Niemann's team leading 13–6 record and 3.94 ERA in 2009 earned him a place in national AL Rookie of the Year Award discussions. He also compiled 125 strikeouts in 180 2/3 innings pitched over 31 games (30 starts). The Tampa Bay Chapter of the Baseball Writers' Association of America named Niemann the Rookie of the Year for the Rays for the 2009 season in a unanimous decision by the voters.

Niemann made 30 appearances (29 starts) for Tampa Bay during the 2010 campaign, posting a 12-8 record and 4.39 ERA with 131 strikeouts across 174 1/3 innings pitched.
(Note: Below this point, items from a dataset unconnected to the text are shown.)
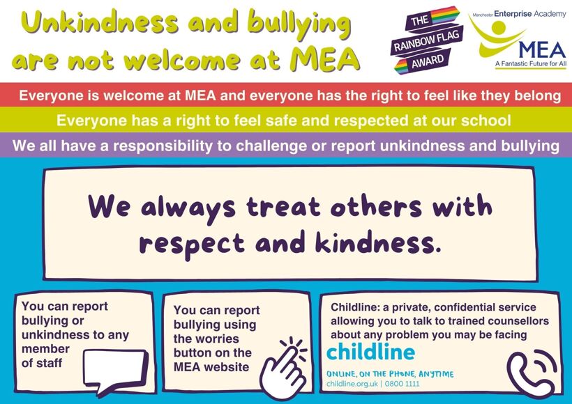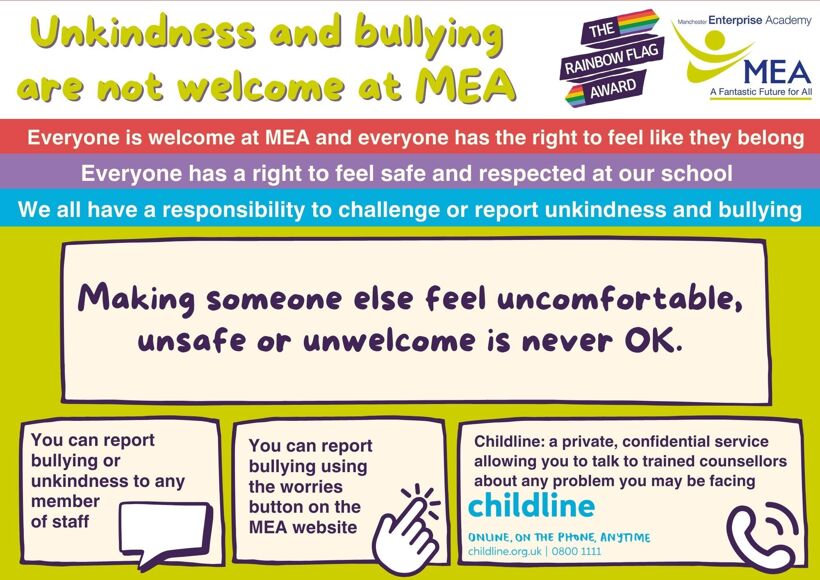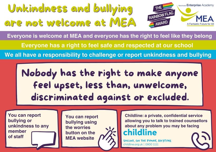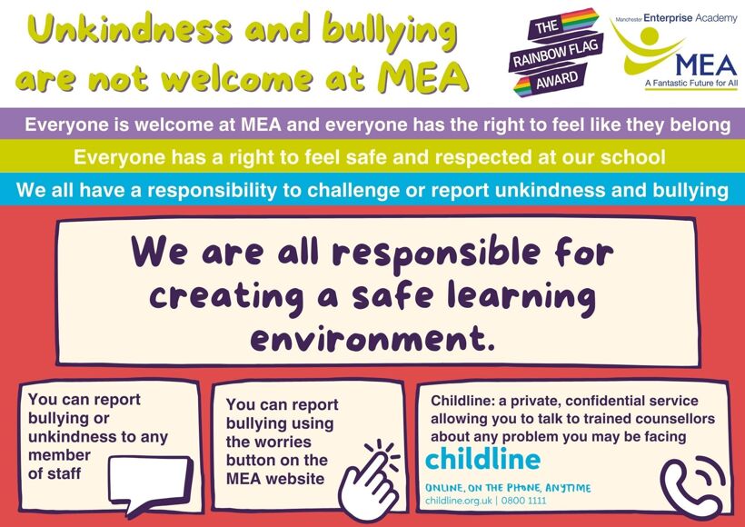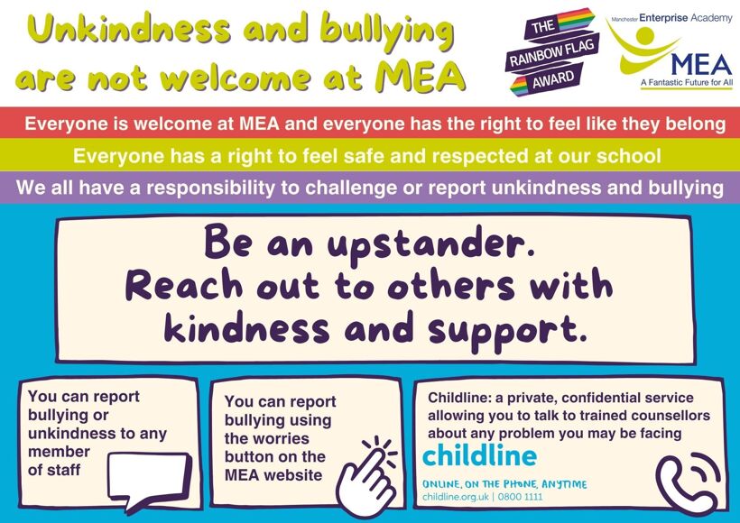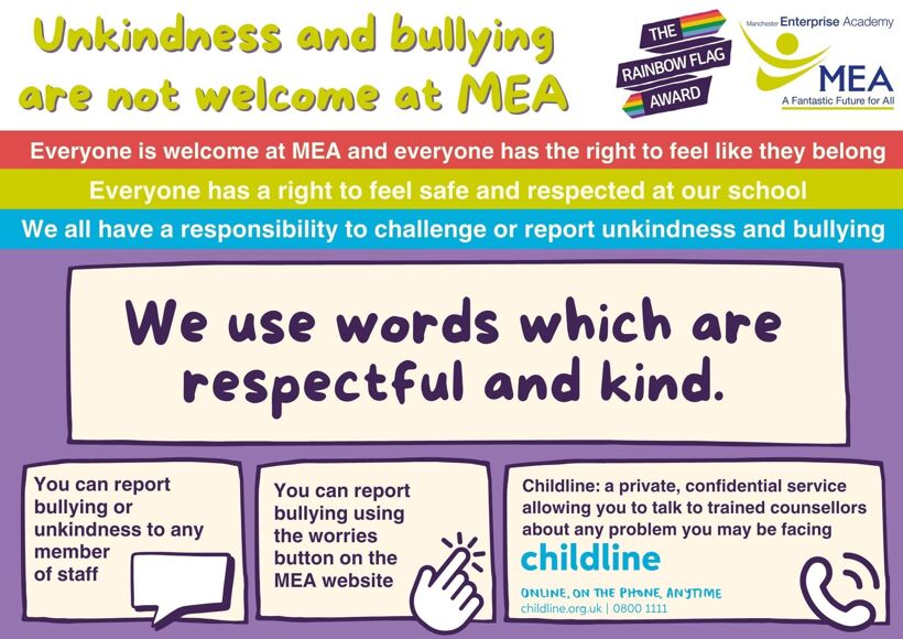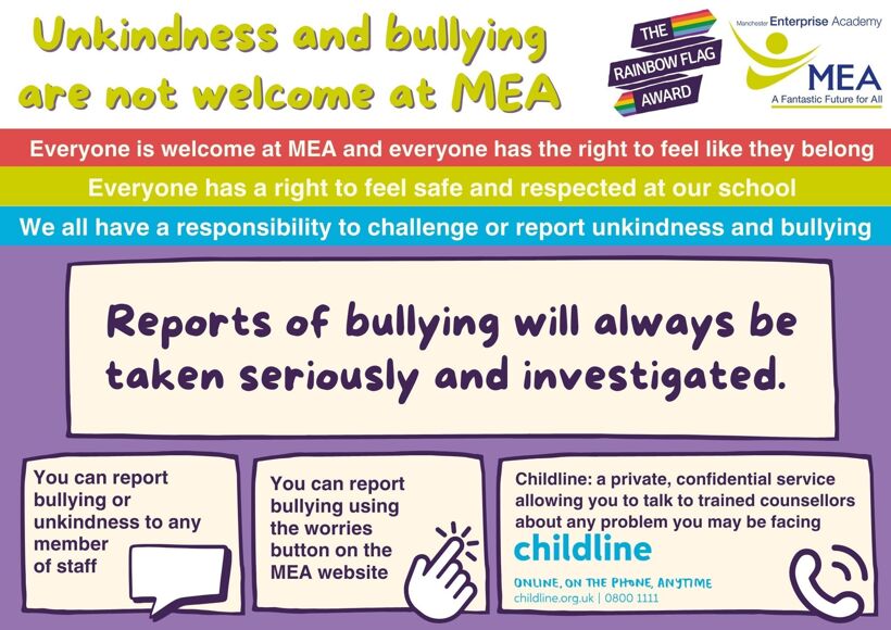At MEA we recognise the significant impact that bullying can have on the welfare and attainment of young people.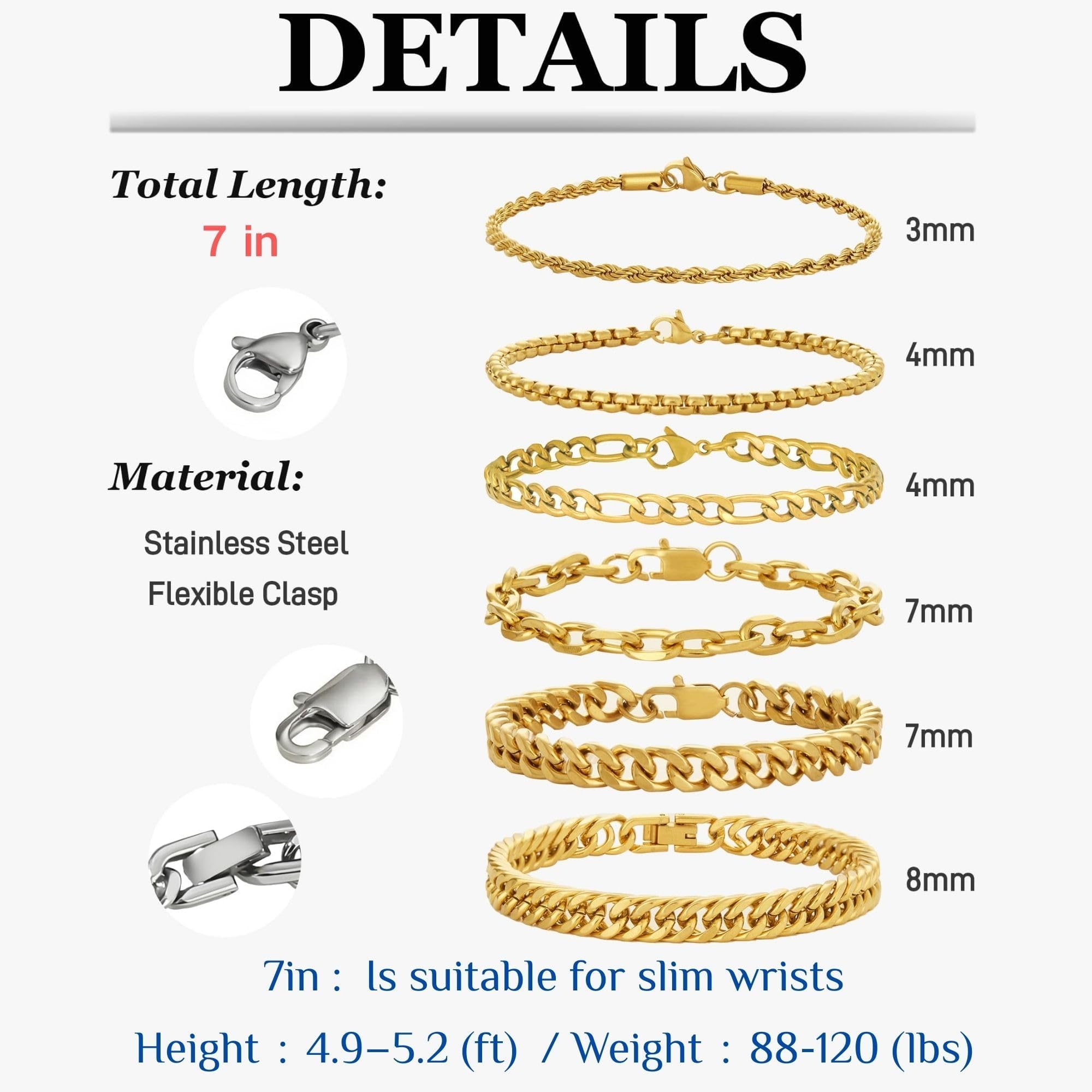Stainless Steel Bracelets: The Cuban bracelet consists of 6 different stainless steel bracelets, each of which is a classic style that can be matched with most clothing. The rich styles provide you with plenty of matching options. You can choose to wear a few of the bracelets, or wear all of them at once. You can wear one part yourself and give the other part of the bracelets to your partner as a surprise, as a romantic expression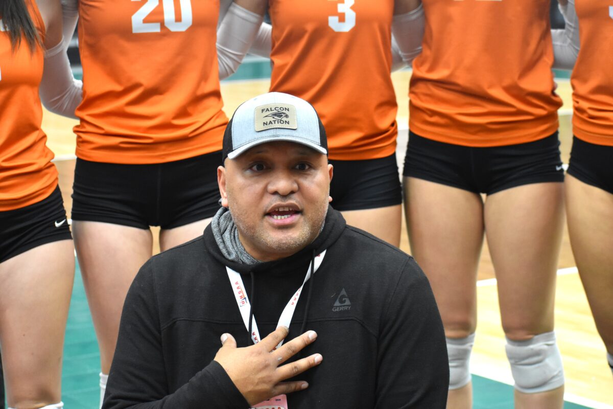 - Skyridge coach Silver Fonua addresses his team in a huddle during a 6A girls volleyball state semifinal match against Corner Canyon at the UCCU Center on Saturday, Nov. 4, 2023.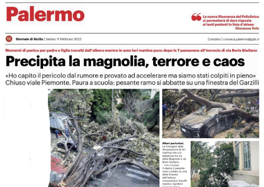 L’edizione odierna de “Il Giornale di Sicilia” si sofferma sulla storica magnolia crollata a Palermo.

He made 23 starts for the Rays in 2011, compiling an 11-7 record and 4.06 ERA with 105 strikeouts across 135 1/3 innings pitched.

On May 14, 2012, Niemann got hit with a comebacker by Adam Lind of the Toronto Blue Jays, which fractured his leg. He was expected to miss 4-6 weeks with the injury. Niemann made only 8 starts for Tampa Bay in 2012, registering a 2-3 record and 3.08 ERA with 34 strikeouts over 38 innings of work.

On April 9, 2013, it was announced that Niemann would undergo season-ending surgery to repair his labrum and rotator cuff. On November 18, Niemann was removed from the 40-man roster and sent outright to Triple-A Durham, but rejected the assignment and elected free agency.